I would recomend that if people have alot of deer and elk traffic that they elevate the whole railroad. Elk and deer have an instict to step over any down and fallen trees, hence they would be expected to step over elevated track, even if it was just 6 inches off the ground. Track on the ground would be stepped on, with damage depending upon how well it was supported underneath. I would at least expect a rail kink. Now you wouldn't want any damage as they jump over the track, maybe keep the height to under 4 feet? 

Terl


----------



## [email protected] (Nov 23, 2016)

I can't wait for spring to elevate by layout. After 16 years on my hands and knees I was about to give up. Thanks for the hope.


----------



## HOMEINLEMITAR (Dec 2, 2018)

*Reply to concrete base*



gdancer said:


> Steve.... Perhaps it's "a victory of the uncluttered mind", but we've had no plunges, despite extended operating periods. The grandkids, 5 to 16 have been instructed to go "slow" over the high bridge. Also, the trestles are low grade and I work to keep them level, checking grade and level every summer before starting up for the season. My main problem is with little visitors who are tempted to touch the cars as they cross the elevated tracks. That takes careful watching!
> 
> FS.... The base of the 4 x 4's is glued into the concrete bases pretty thoroughly with polyurethane construction adhesive--the kind that glues everything. When it dries the verticals and bases are integral and quite rigid....more than you might expect.
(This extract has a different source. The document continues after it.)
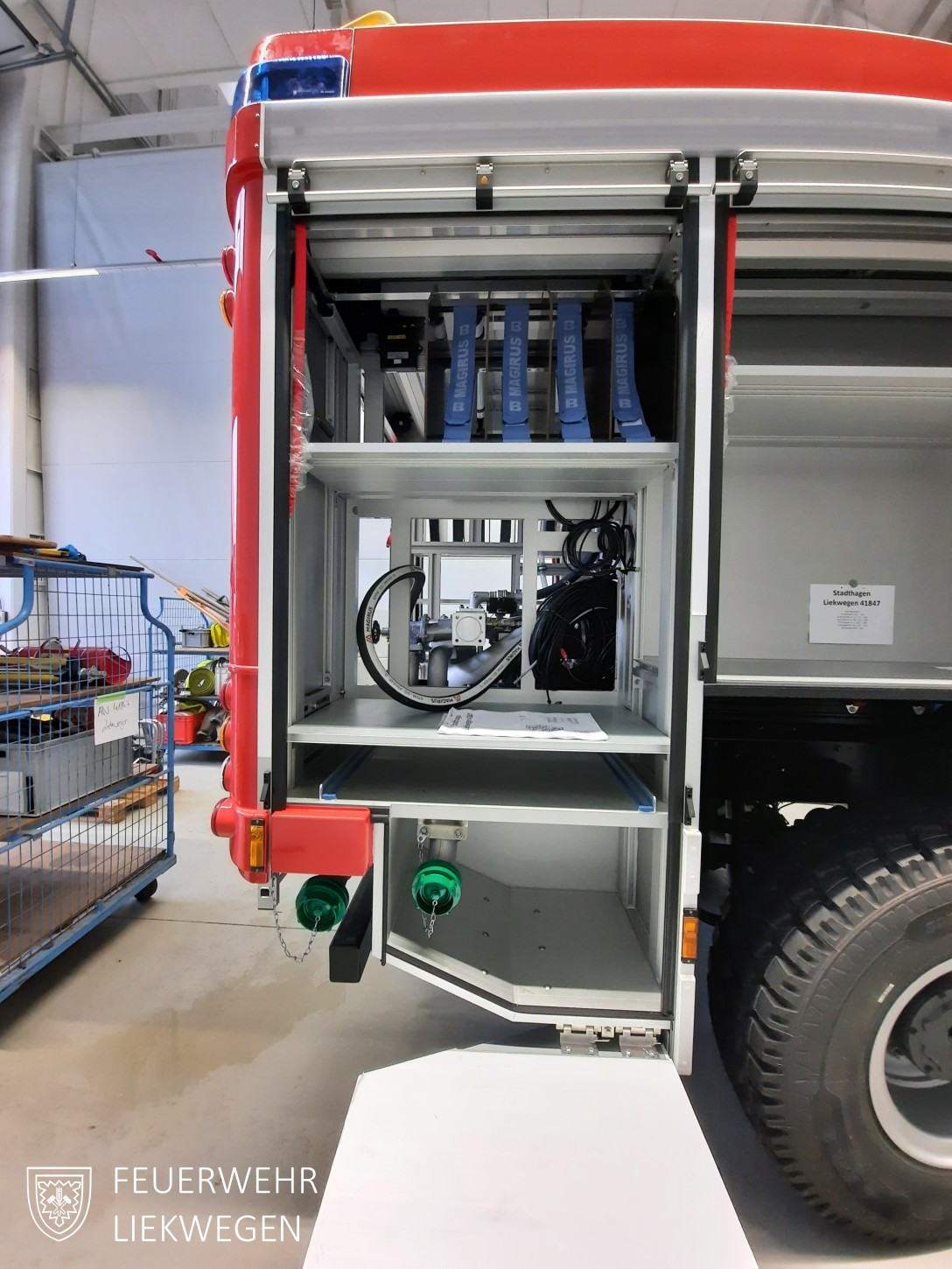 - Wo wird kleineres feuerwehrtechnisches Material verstaut, das von uns beigestellt wird?

The weight of the bases is such that the track is very steady and it would take a fairly serious effort to "tip" the roadbed. I originally started with 30" intervals and have extended that somewhat up to 36". I wouldn't want to go beyond that, however, and would probably recommend the 30" intervals if the track is liocated close to people who might mess with it.


DM... I was surprised and delighted on how sturdy the posts were glued to the concrete pillars. I would of thought they would of fell over.


----------



## Pete Thornton (Jan 2, 2008)

> DM... I was surprised and delighted on how sturdy the posts were glued to the concrete pillars. I would of thought they would of fell over.


_You do realize that was a thread from 2010 ?_


----------



## ddrum31 (Aug 30, 2017)

Pete I don't want to sound like an you know what.. but if I had listened to Ya'll's saying (do you see how old this thread is b.s.) I wouldn't have found my Live Steam Mason Bogie! Nothing wrong with seeing them.. plus this forum isn't doing so hot really isn't much to discuss cause of the bury it type of attitudes. 

Jason


----------



## Pete Thornton (Jan 2, 2008)

> but if I had listened to Ya'll's saying (do you see how old this thread is b.s.)


Jason,
It's not that there is anything wrong with seeing/finding old threads - I do it all the time. It was merely a warning to a new post-er that there may not be any responses! I woildn't have said anything if he hadn't "Joined Dec 2018".


----------



## ddrum31 (Aug 30, 2017)

Okay Pete.

Jason


----------